Many seeds germinate in the soil and get their nutrition in the dark from limited reserves of starch and lipids, so as soon as possible they grow toward light. Light-sensing proteins find the shortest route to sunlight – and then plants are even able to bend in the direction of the light source.
The movements of plants were described comprehensively by Charles Darwin in 1880 in "The power of movement in plants" and the hypothesis that the plant hormone auxin could play a role in plants bending toward a light source was first proposed in 1937 by the Dutch researcher Frits Went in the Cholodny-Went model. Today it is known that the substance responsible for cell elongation is auxin. This phytohormone is formed in cells at the tip of the shoot and is then passed from cell to cell.
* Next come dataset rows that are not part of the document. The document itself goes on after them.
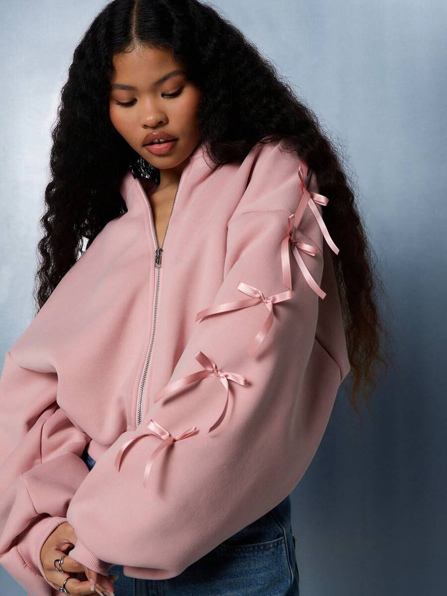 جاكيت بلون وردي ناعم بتصميم فضفاض وأكمام واسعة مزينة بشرائط ساتان على الجانبين تضيف لمسة أنثوية بسيطة. يتميز بسحّاب أمامي لسهولة الارتداء وقَصّة قصيرة تمنح مظهر عصري وغير رسمي. خامته مريحة ومثالية للأجواء المعتدلة.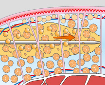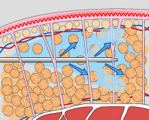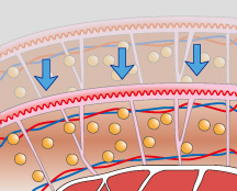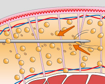 皮膚と筋肉の間にある索状組織の構造を残して、脂肪組織のみを除去できるベイザー脂肪吸引。ダメージを受けずに残った索状組織が自然に縮むことで、皮膚を引き締める効果があるとされています。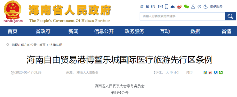 6月17日,海南省人民政府官网正式全文发布《海南自由贸易港博鳌乐城国际医疗旅游先行区条例》。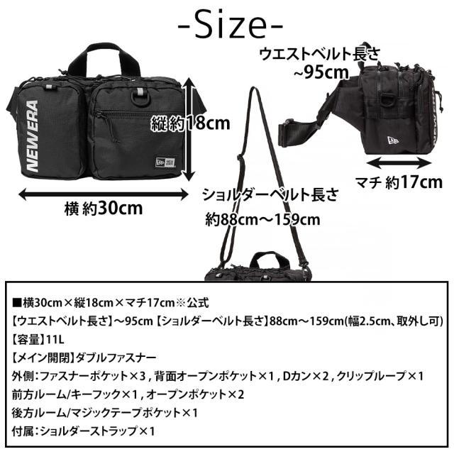 | サイズ(約) ※当店実寸値 | 公式サイズ 横30cm×縦18cm×マチ17cm 【ウエストベルト長さ】〜95cm 【ショルダーベルト長さ】88cm〜159cm(幅2.5cm、取外し可) 【容量】11L | ||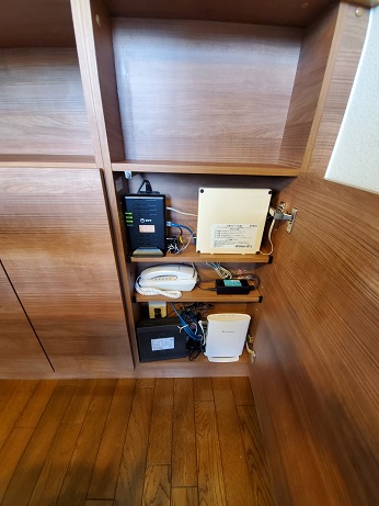 クリナップのキャビネットの中にルーターを収納できるように、コンセントを作り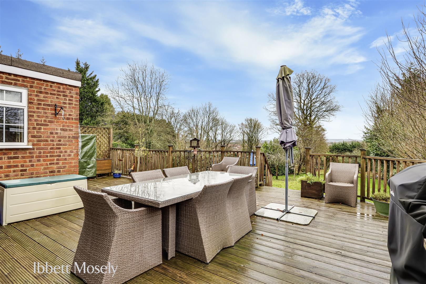 The back garden is on the south of the house and enjoys views from the large raised deck with balustrade and steps down to the lawns, there is outside lighting and a power supply to the decked area.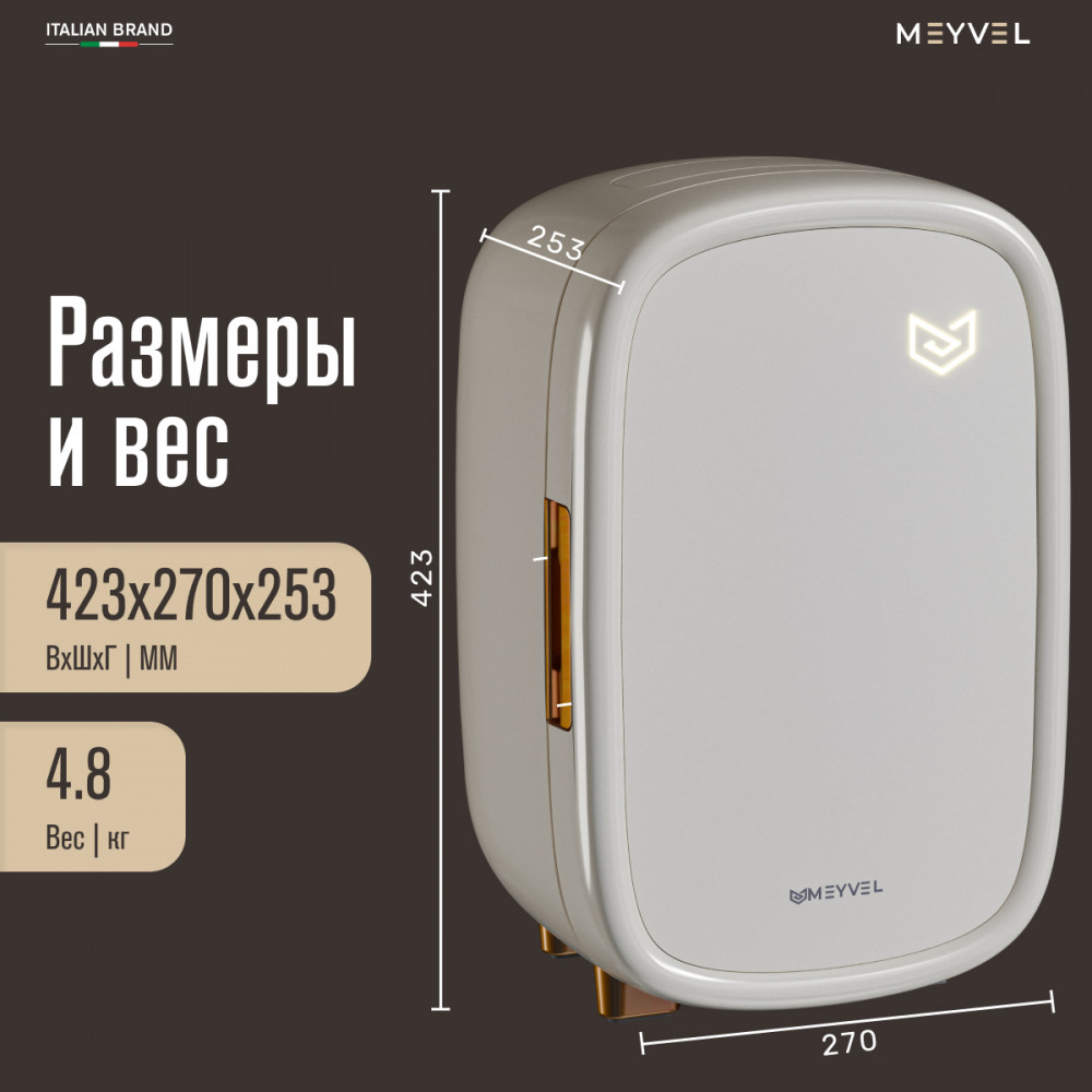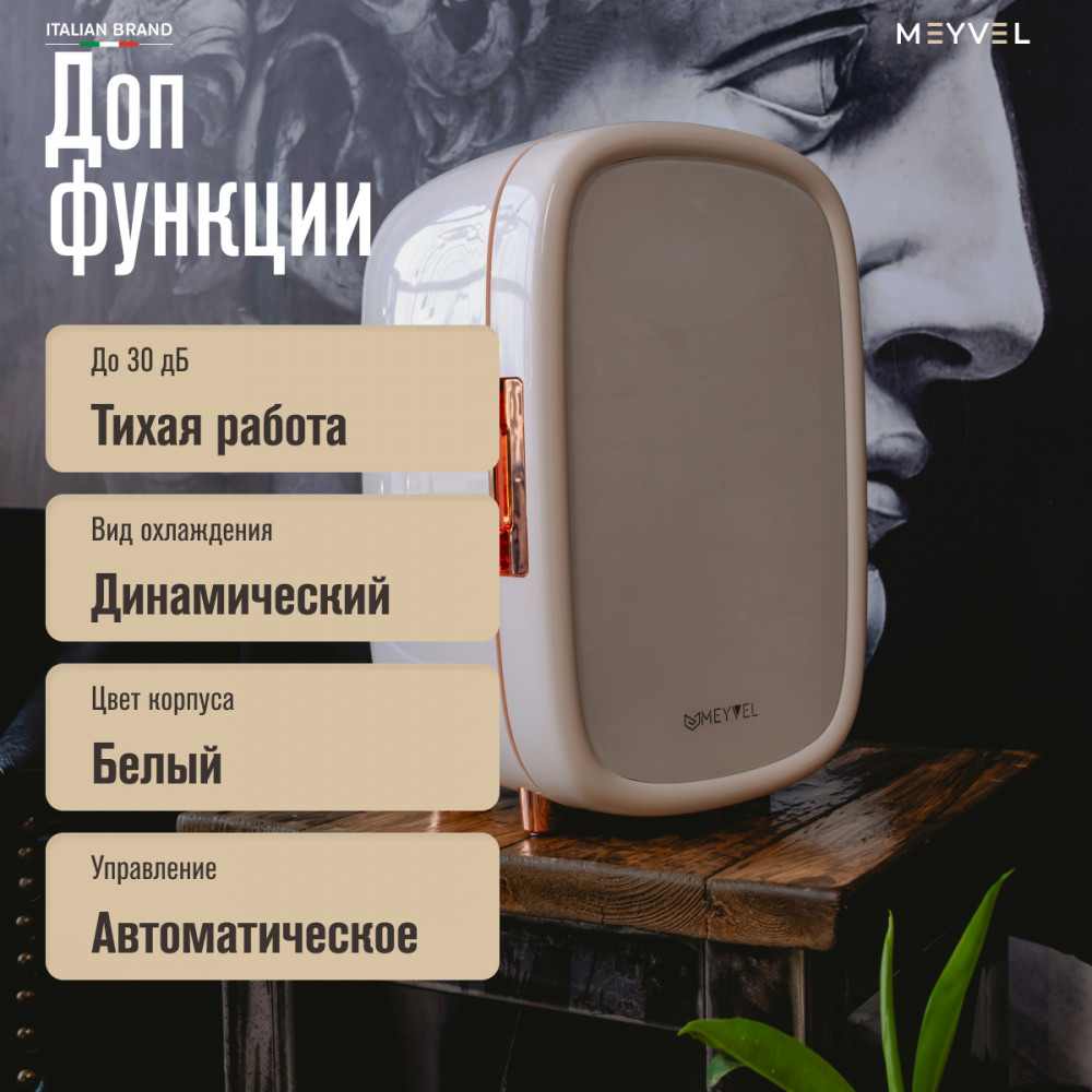 Компактный бьюти холодильник для косметики Meyvel MB-12C1W, в белом цвете объемом 12 литров

As such, the hormone is shuttled through many cells of the plant before it reaches its final destination.
"Even mature plants bend toward the strongest light. They do this by elongating the cells of the stem on the side that is farthest from the light. This type of light-oriented growth is called phototropism," explains Prof. Claus Schwechheimer from the Chair of Plant Systems Biology at the Technische Universität München. "Export and import proteins push the auxin out of one cell into the intercellular space and then into the next cell and so on until the auxin eventually reaches its target site."
The most important proteins in this process are the export proteins known as "PINs", which regulate the direction of the auxin flow. As Schwechheimer's team was able to demonstrate, these PINs do not function on their own: "They require the signal of the D6PK protein kinase," Schwechheimer continues. "The kinase enzyme modifies the PINs through the transfer of phosphate groups – thus activating them as auxin transporters."
Even though many subsequent observations have supported the Cholodny-Went model, there has been no definite proof that auxin is in fact involved in this process. Prof. Christian Fankhauser from UNIL (Université de Lausanne) in Switzerland explains why: "Up to now, all plants with a known defect in auxin transport showed a normal phototropism. How then could auxin transport be essential for this process?"
Auxin regulation model confirmed
The TUM team, in cooperation with their colleagues at UNIL, have found the answer to this question. The Swiss researchers were able to inactivate several PIN transporters in a plant simultaneously. And for their part, the TUM scientists managed to demonstrate the function of the D6PK protein kinase.
It was found that when several of the PIN and kinase components were missing, plant growth was completely unresponsive to the light signals that trigger phototropism. The auxin transport mechanism in these mutant plants was severely impaired: The plants grew upwards, away from the gravitational pull, irrespective of the light source. This helped the scientists prove for the first time that the hormone auxin definitely is the substance that drives phototropism.